May Examination Period 2024
ECS659P Resit
Neural Networks and Deep Learning Duration: 2 hours (+1 for uploads)
Question 1
(a) Consider a regression dataset (x(1) , y(1) ), (x(2) , y(2) ), ... , (x(n) , y(n) ), where each obser- vation x(i) and target y(i) is a real number.
Suppose that the function f given by f(x) = 2 log(x) + x is a perfect predictive model, so that y(i) = f(x(i)) for every i.
Define a function φ : R → R2 that can transform the original regression dataset into a regression dataset (φ(x(1) ), y(1) ), (φ(x(2) ), y(2) ), ... , (φ(x(n) ), y(n) ) that can be used to recover the function fusing linear regression.
In other words, define a function φ such that
f(x) = φ(x) · w,
where · denotes the dot product and w ∈ R2 is a vector of parameters. [13 marks]
(b) Consider a regression dataset with 3 examples and 2 features per observation. Let X ∈ R3×2 denote the observation matrix that contains one row for each observation and one column for each feature, so that
l 0 2 」
X = ' 1 — 1 ' .
[ — 1 1 l
Let y ∈ R3 denote the target vector that contains one row for each target, so that
l 4 」
y = ' — 1 ' .
[ 1 l
Compute the mean squared error of a linear regression model that employs a weight vector
w = l3(1)]
and a bias
b = 1.
[12 marks]
Question 2
(a) Let [ C1 , C2 , ... , Ck ] denote an image (rank 3 tensor) composed of k channels, where each channel Ci is a matrix of a fixed shape.
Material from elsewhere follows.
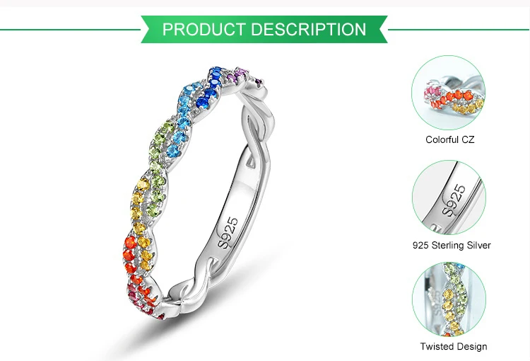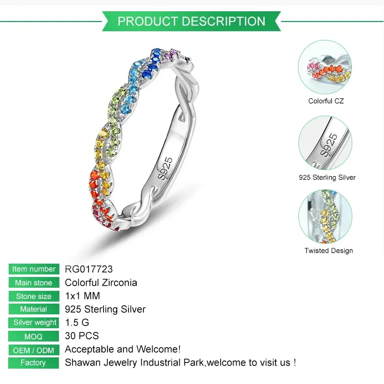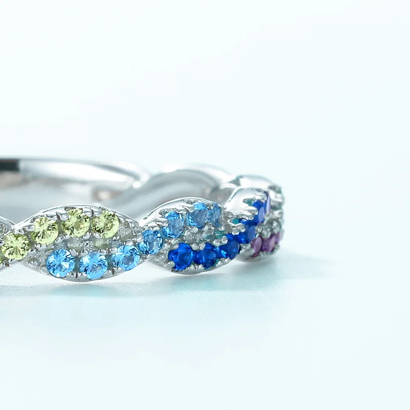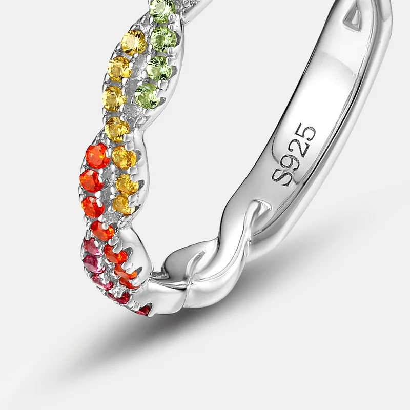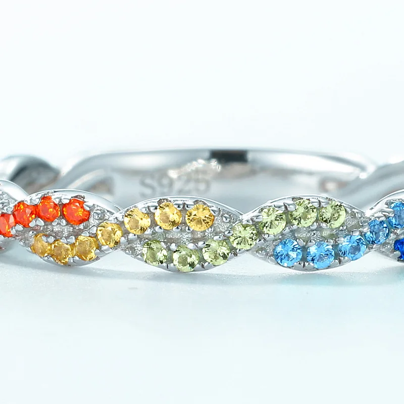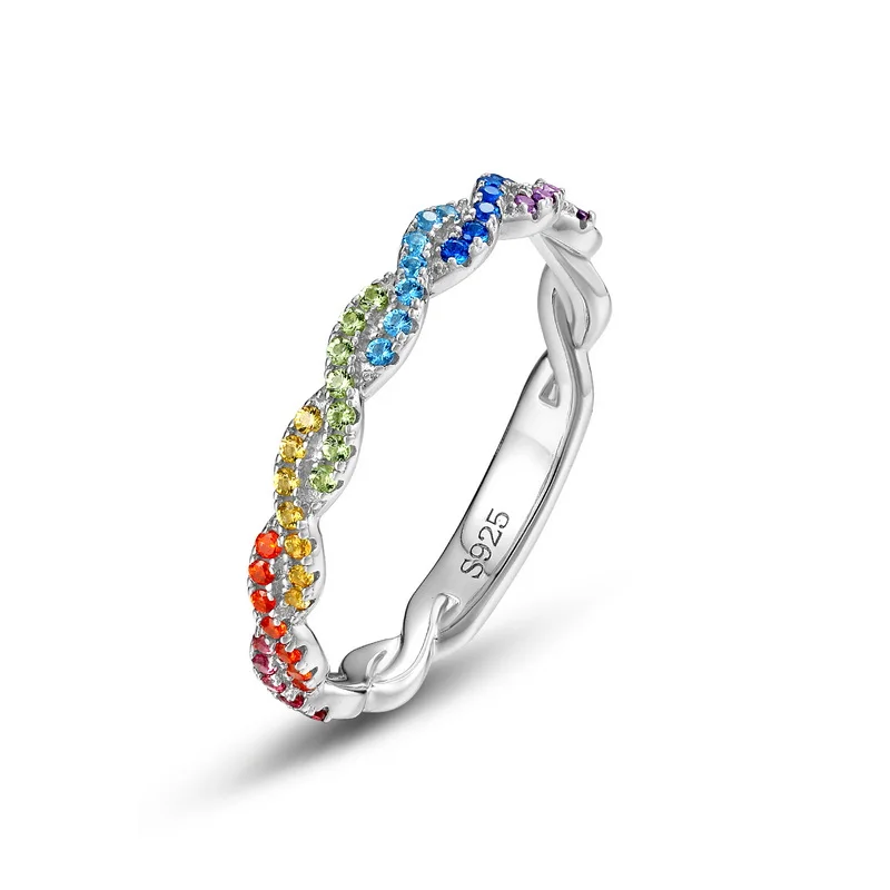 Customizable 925 Silver Simple Twisted Ring Women Colorful Rainbow CZ Cubic Zirconia Bulk Sterling Silver Couples Wedding Ring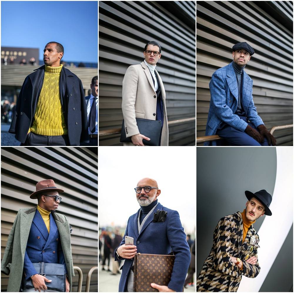 Естественно, многие мужчины выбирают традиционную рубашку и галстук под свои костюмы, однако итальянская выставка рекомендует свитер с высокой горловиной, который был замечен во всей Фортецце – ключевой тренд, который продолжается с последней осени/зимы. Пуловер или водолазка относятся, безусловно, к зимному гардеробу и являются частью многослойного образа – сверху костюм, затем пальто или куртка. Эффект от такого лука очень солидный и позитивный.

Let A be an image given by
ll1 2 |
3 4」 l2 1 |
3 |
4」」 |
' ' 3 5 |
1 2' ' 1 1 |
2 |
5' ' |
A = ' ' |
' , ' |
|
' ' . |
' '3 2 |
1 0 ' '3 2 |
1 |
6 ' ' |
[[1 2 |
2 1l [1 3 |
3 |
4ll |
Compute the output image B of a max-pooling layer that receives A as input and uses a window of size 2 × 2 and a stride 2. [12 marks]
(b) Consider a 3 × 32 ×32 image that goes through a convolutional layer with 64 kernels, each a 3 × 7 × 7 image. What is the shape of the corresponding output if:
1. The convolutional layer uses padding 3 and stride 1.
2. The convolutional layer uses padding 0 and stride 1.
3. The convolutional layer uses padding 3 and stride 2.
Assume the conventional ordering of dimensions (number of channels, height, width). [13 marks]
Question 3
(a) Suppose that a 1 × 128 × 128 (grayscale) image is flattened and given directly to a multilayer perceptron. Suppose that this multilayer perceptron has 64 units in its first layer.
How many weights does this first layer have? How many biases does this first layer have? [10 marks]
(b) Consider a recurrent layer that has two matrices of parameters: A ∈ R32×32 and B ∈ R32×64. Suppose that this recurrent layer does not employ biases and uses a tanh activation function.
Write the equation that this layer would use to compute the current hidden state vector ht ∈ R32×1 based on the previous hidden state vector ht−1 ∈ R32×1, the current observation xt ∈ R64×1, and the parameter matrices A ∈ R32×32 and B ∈ R32×64 .
Hint: Ensure that the matrix-vector multiplications are valid. [15 marks]
Question 4
(a) Consider a linear regression model two weights and no bias.
Suppose that the weight vectors [2, 4]T and [3, 3]T achieve the same mean squared error on the training dataset. If weight decay were employed with λ > 0, which of these weight vectors would be preferred by optimization? [9 marks]
(b) Consider a loss function L : R2 → R given by
L( w1 , w2 ) = w1(2) + w2(2) ,
and note that the corresponding gradient function ΔL : R2 → R2 is given by
ΔL( w1 , w2 ) = [2 w1 , 2 w2]T .
Let w = [2, 4]T be the initial point for gradient descent with the goal of minimizing L. What are the next two points?
Assume a learning rate η = 0.25. [16 marks]
版权所有:编程辅导网 2021 All Rights Reserved 联系方式:QQ:99515681 微信:codinghelp 电子信箱:99515681@qq.com
免责声明:本站部分内容从网络整理而来,只供参考!如有版权问题可联系本站删除。